» **EXERCISE PROMPT**: The word "agreed" occurs in some lines of the listing. Copy those lines.

· · · · · · ·

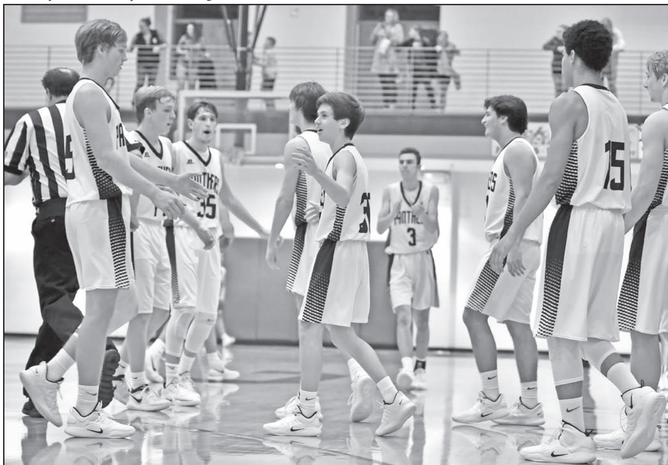
Union County players breathe a sigh of relief after surviving a late haymaker from Towns County that nearly floored the Panthers, who led by double-digits with under two minutes remaining. Union has now won 41 of the last 44 games vs Towns.

The Rebels are currently 1-1 with a 59-54 win over Pickens County -- whose football team was eliminated the night before -- and a 42-40 loss to rival Gilmer.
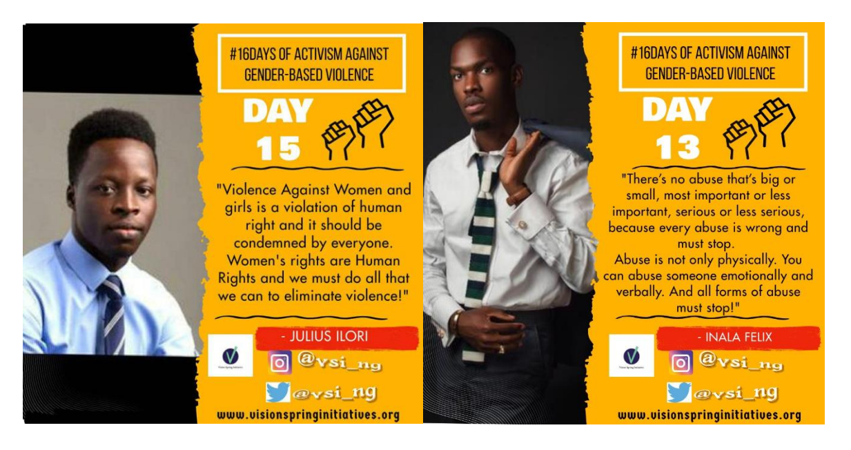
Some quotes from the campaign by VSI staff, volunteer and male champions

On the 12 of December 2020 was Universal Health Coverage Day and VSI celebrated it alongside Human Rights Day which was December 10. The theme for UHC was Health for all: protect everyone. VSI held a panel session with young feminists and other activists to discuss "Access to Human Rights in an Intersectional Dimension". The session highlighted how we all hold multiple social identities simultaneously, such as race, gender, and sexuality and how Intersectionality examines how multiple oppressed identities interact to create overlapping and compounding systems of disadvantage. At the end of the session, it was agreed that everyone need to respect the voice of those most affected by issues by centering their voices, respecting their goals for their communities, and stepping aside and allowing them to serve as spokespeople for their own causes. Valuing voice means lifting up, promoting, and supporting the leadership and storytelling of those most affected by policies and practices and centering their substantive suggestions and values into any given project and media advocacy. The print and Television media were also present to discuss their role in ensuring universal health coverage is achieved in Nigeria and no group is left behind.
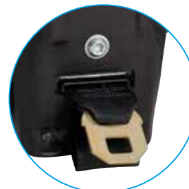
2" Webbing/ 59" Min. Length Easy Grip Loops

Locations Available in Length and/or Width
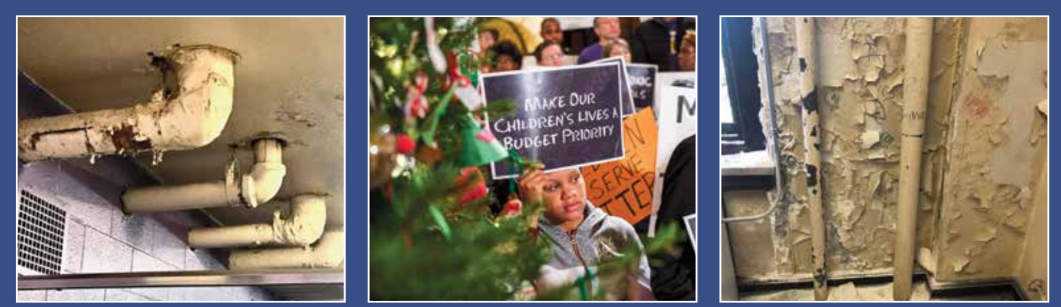
Above Pictures: Actual Conditions within our Public Schools. Students, Teachers, Lawmakers and Activists gather in Harrisburg.

Because of our work to make children's lives a budget priority, the Governor just announced that he's committed to getting over $1 billion to schools to do emergency repairs. I will keep fighting to make sure schools in our district get this much needed funding.
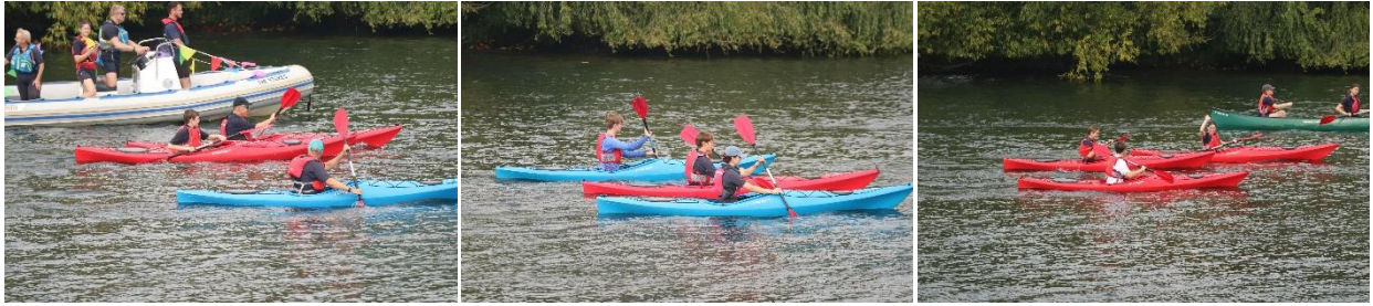
Ajax's fleet of 9 new touring kayaks added colour to the procession of Scout boats and crews marking Ajax's 75th Anniversary celebrations

During 2023, we also acquired one of the original batch of Home Counties gigs commissioned by Scout Groups i.e. a sister vessel to PYMBS. The Group's £5,000 investment covered the cost of acquisition and refurbishment to restore "Hercules" to serviceable condition. Hercules has been in use as a Scout gig on the Thames for over 60 years, and its acquisition will enable the Group to get more of our young people afloat developing key knowledge, skills, confidence and teamwork.
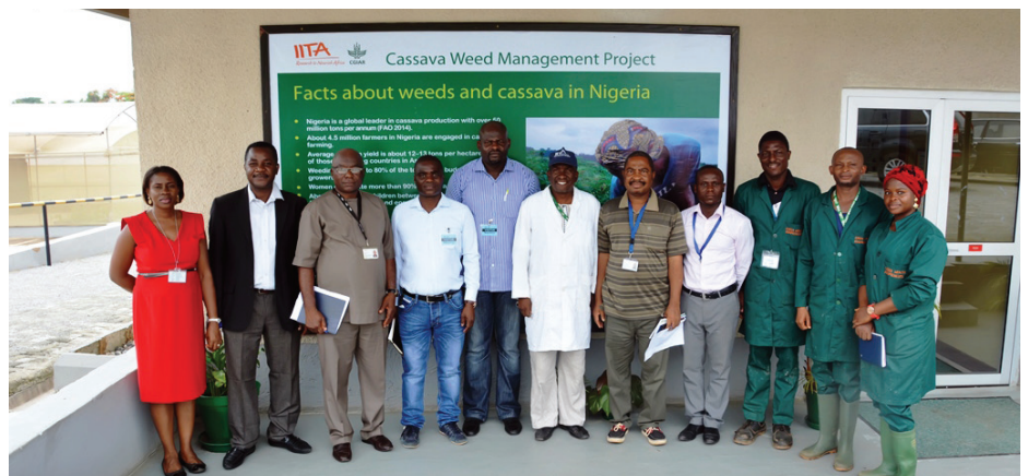
AATF, IITA-CWMP and IITA Youth Agripreneurs

Excited by the youth activities and in particular the mechanical weed control option, both teams agreed in principle to involve the youths in their activities either as service providers or to help the youngsters by offering services to them at scale.
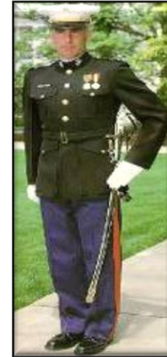
Class A Uniforms
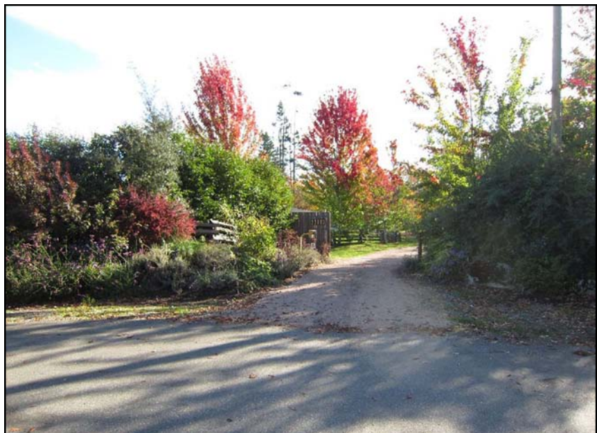
Entrance to Hobbs Farm
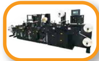
Modular Semi-Rotary Die Cutting Finishing Systems
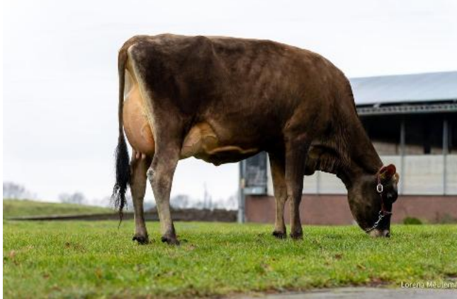
RH Chrome Veronica
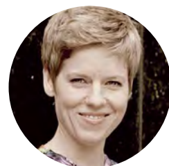
伊莎貝·浮士德 ISABELLE FAUST

巴托的第一小提琴協奏曲是一封寫給小提琴家姬雅的情書〔可是女方沒有給予回應〕，這封情書被雙方藏得很密，直至巴托死後才被人發現。和這個沒結果的愛情故事一樣，這首情意洋溢的樂曲亦無疾而終。《茨維考》交響曲是舒曼第一首嘗試創作的交響作品，而幻想曲則屬較後期的成熟作品，當中的一段小提琴獨奏令人嘆為觀止，顯盡舒曼處於創意巔峯期的爆發力，是一首為小提琴家伊莎貝·浮士德度身訂造的曠世傑作。《神奇的滿大人》奇異怪誕，啞劇演員令人生畏，縱使首演至今已近百年，依然震撼。神奇的滿大人刀槍不入，三次被行刺皆絲毫不損，惟有讓他感到愛，才能把他殺死。
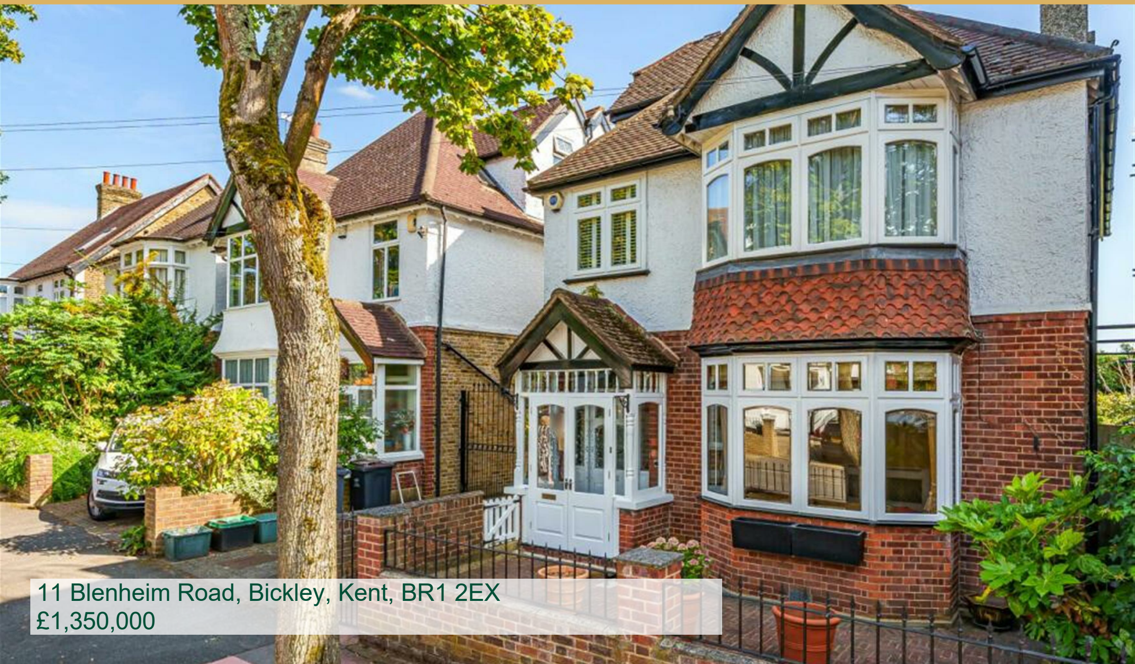
11 Blenheim Road, Bickley, Kent, BR1 2EX £1,350,000

· · · · · · ·

» **YOUR SOLUTION**:
On the 12 of December 2020 was Universal Health Coverage Day and VSI celebrated it alongside Human Rights Day which was December 10. The theme for UHC was Health for all: protect everyone. VSI held a panel session with young feminists and other activists to discuss "Access to Human Rights in an Intersectional Dimension". The session highlighted how we all hold multiple social identities simultaneously, such as race, gender, and sexuality and how Intersectionality examines how multiple oppressed identities interact to create overlapping and compounding systems of disadvantage. At the end of the session, it was agreed that everyone need to respect the voice of those most affected by issues by centering their voices, respecting their goals for their communities, and stepping aside and allowing them to serve as spokespeople for their own causes. Valuing voice means lifting up, promoting, and supporting the leadership and storytelling of those most affected by policies and practices and centering their substantive suggestions and values into any given project and media advocacy. The print and Television media were also present to discuss their role in ensuring universal health coverage is achieved in Nigeria and no group is left behind.
Excited by the youth activities and in particular the mechanical weed control option, both teams agreed in principle to involve the youths in their activities either as service providers or to help the youngsters by offering services to them at scale.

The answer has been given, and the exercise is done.